Copy word for word the lines of the records below, beginning at the one with "In the meantime, wash" and finishing at the one with "De là, il avança", ends included, but none of the pictures.

### Provided data
"""

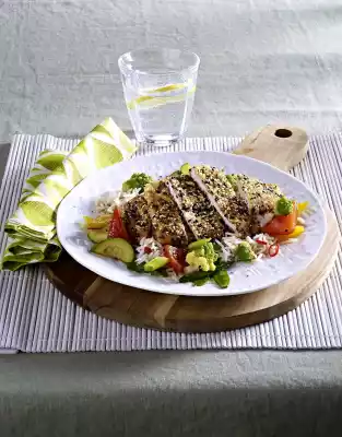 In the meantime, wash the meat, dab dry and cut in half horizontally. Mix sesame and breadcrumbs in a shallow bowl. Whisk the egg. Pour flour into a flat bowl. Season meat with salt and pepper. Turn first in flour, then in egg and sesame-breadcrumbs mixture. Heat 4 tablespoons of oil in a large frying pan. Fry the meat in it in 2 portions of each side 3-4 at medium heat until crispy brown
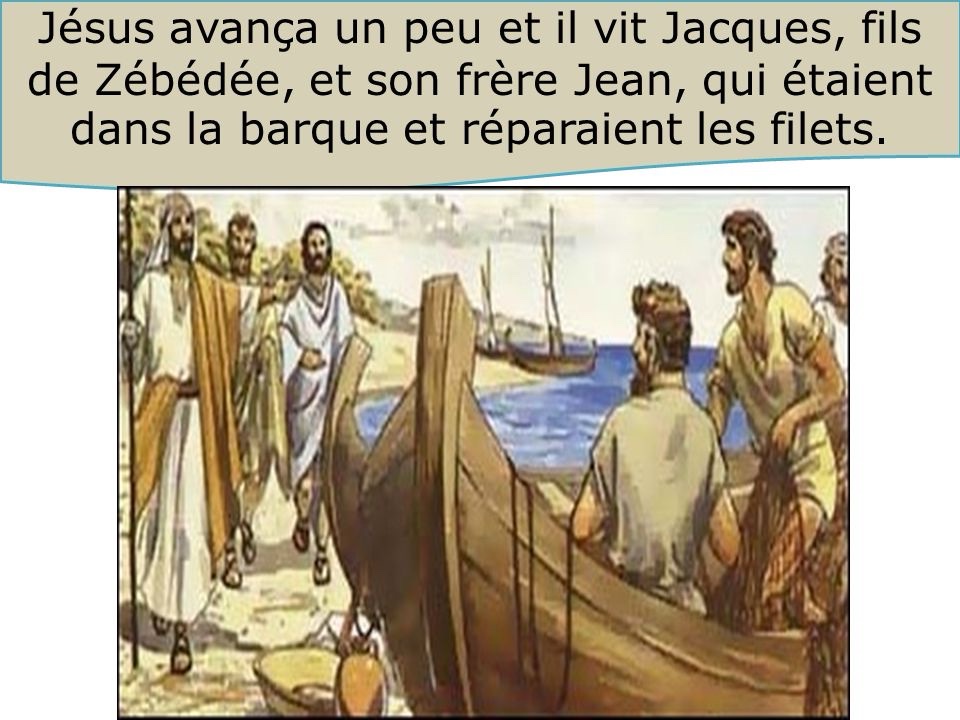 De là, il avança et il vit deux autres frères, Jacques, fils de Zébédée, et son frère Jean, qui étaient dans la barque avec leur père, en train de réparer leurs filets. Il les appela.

"""
"""

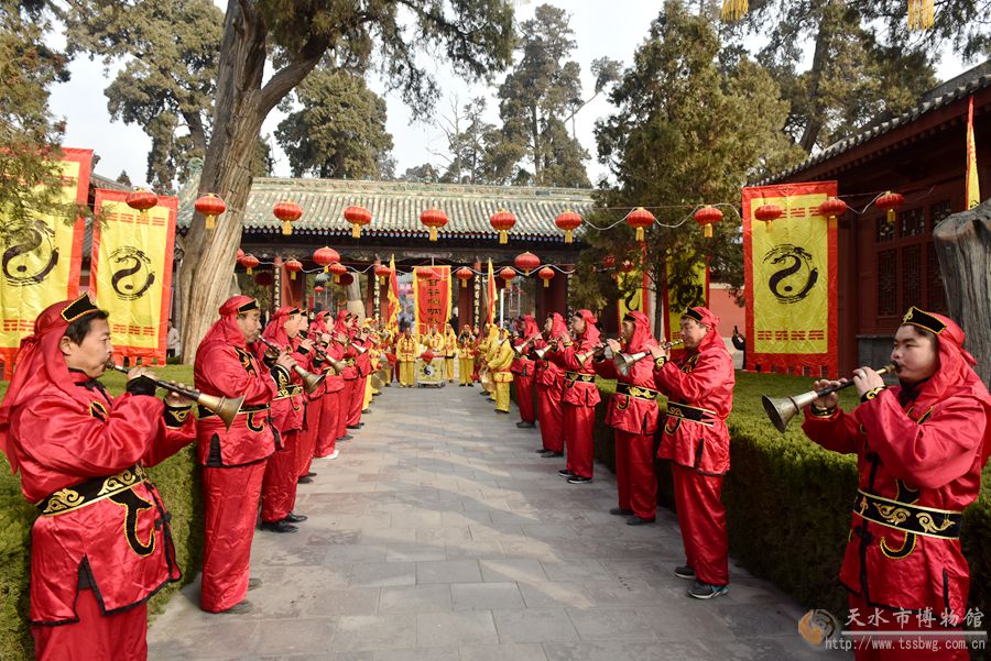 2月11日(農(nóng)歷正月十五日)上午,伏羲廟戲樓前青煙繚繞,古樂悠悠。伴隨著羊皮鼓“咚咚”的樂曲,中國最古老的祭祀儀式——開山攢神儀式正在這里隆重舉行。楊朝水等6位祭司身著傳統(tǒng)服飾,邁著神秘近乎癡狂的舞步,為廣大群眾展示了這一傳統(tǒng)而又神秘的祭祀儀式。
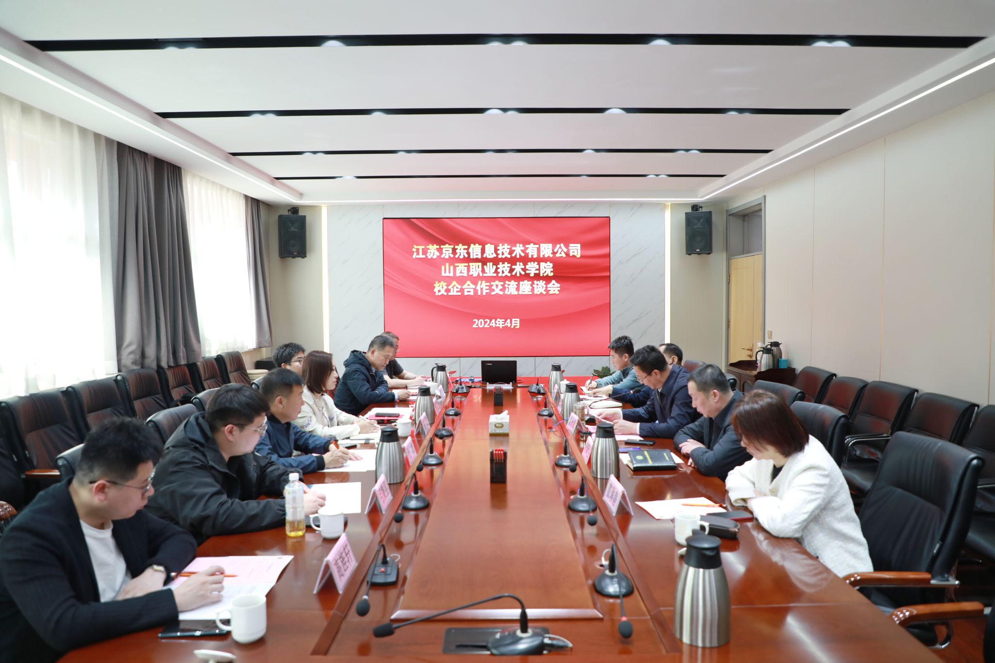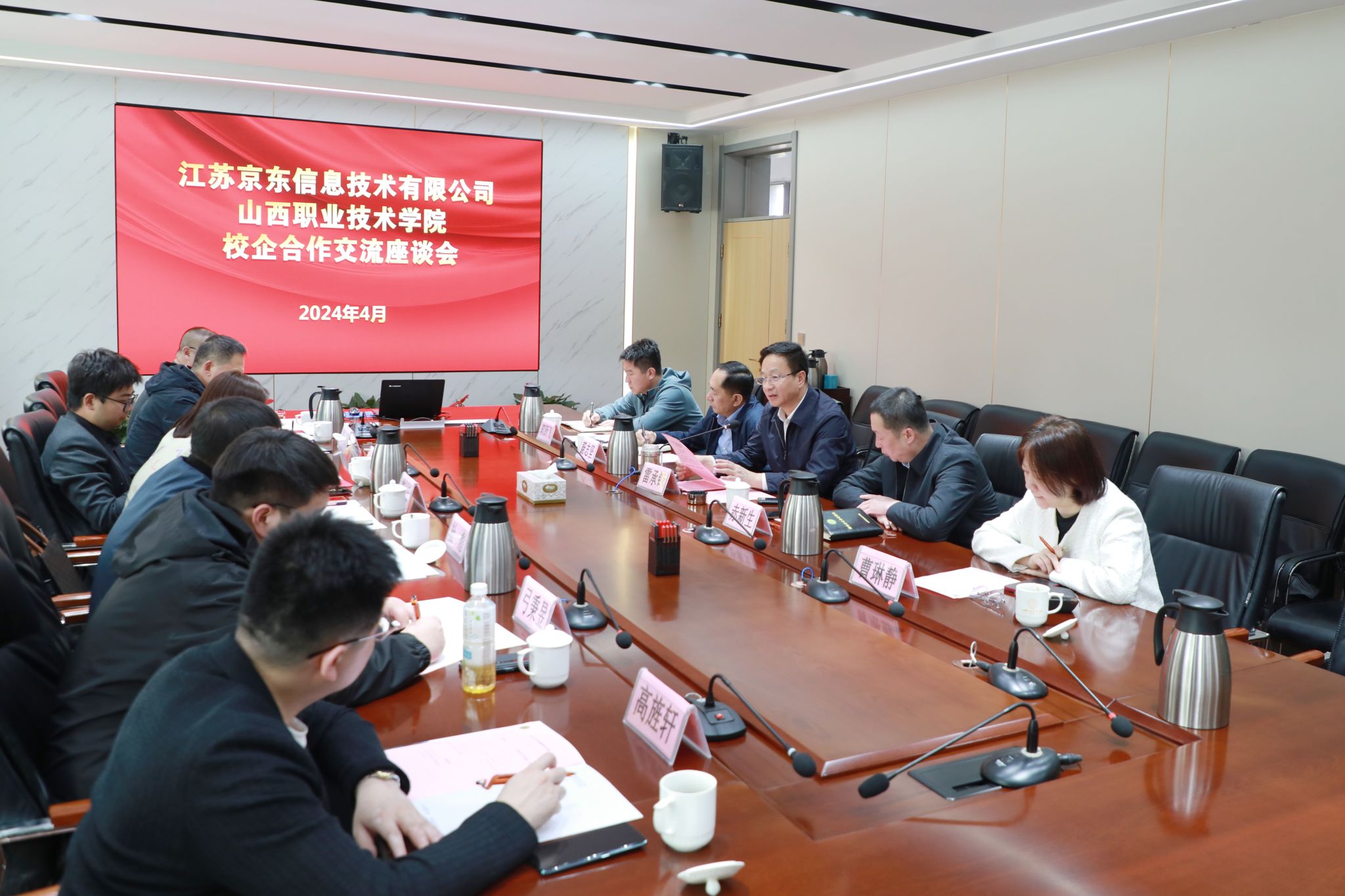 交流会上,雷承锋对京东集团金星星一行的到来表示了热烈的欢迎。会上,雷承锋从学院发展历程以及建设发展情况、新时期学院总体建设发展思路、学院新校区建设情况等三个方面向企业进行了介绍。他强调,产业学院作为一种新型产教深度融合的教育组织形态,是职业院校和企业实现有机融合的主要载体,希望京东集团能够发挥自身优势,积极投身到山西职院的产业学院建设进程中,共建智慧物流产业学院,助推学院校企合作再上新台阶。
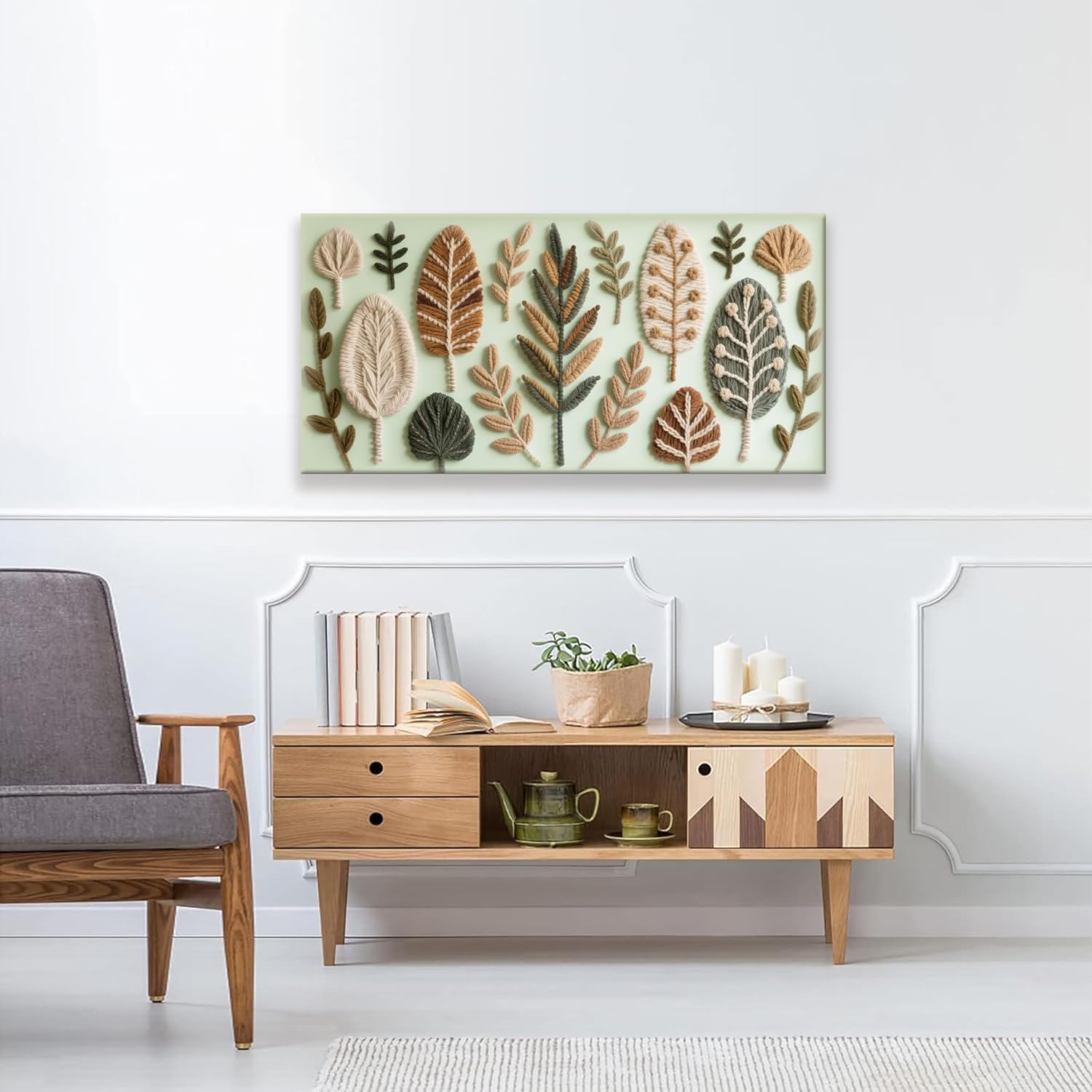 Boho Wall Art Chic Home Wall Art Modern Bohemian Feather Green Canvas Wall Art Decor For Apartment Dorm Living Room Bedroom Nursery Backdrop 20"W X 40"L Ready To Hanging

"""

### Solution for this task
 In the meantime, wash the meat, dab dry and cut in half horizontally. Mix sesame and breadcrumbs in a shallow bowl. Whisk the egg. Pour flour into a flat bowl. Season meat with salt and pepper. Turn first in flour, then in egg and sesame-breadcrumbs mixture. Heat 4 tablespoons of oil in a large frying pan. Fry the meat in it in 2 portions of each side 3-4 at medium heat until crispy brown
 De là, il avança et il vit deux autres frères, Jacques, fils de Zébédée, et son frère Jean, qui étaient dans la barque avec leur père, en train de réparer leurs filets. Il les appela.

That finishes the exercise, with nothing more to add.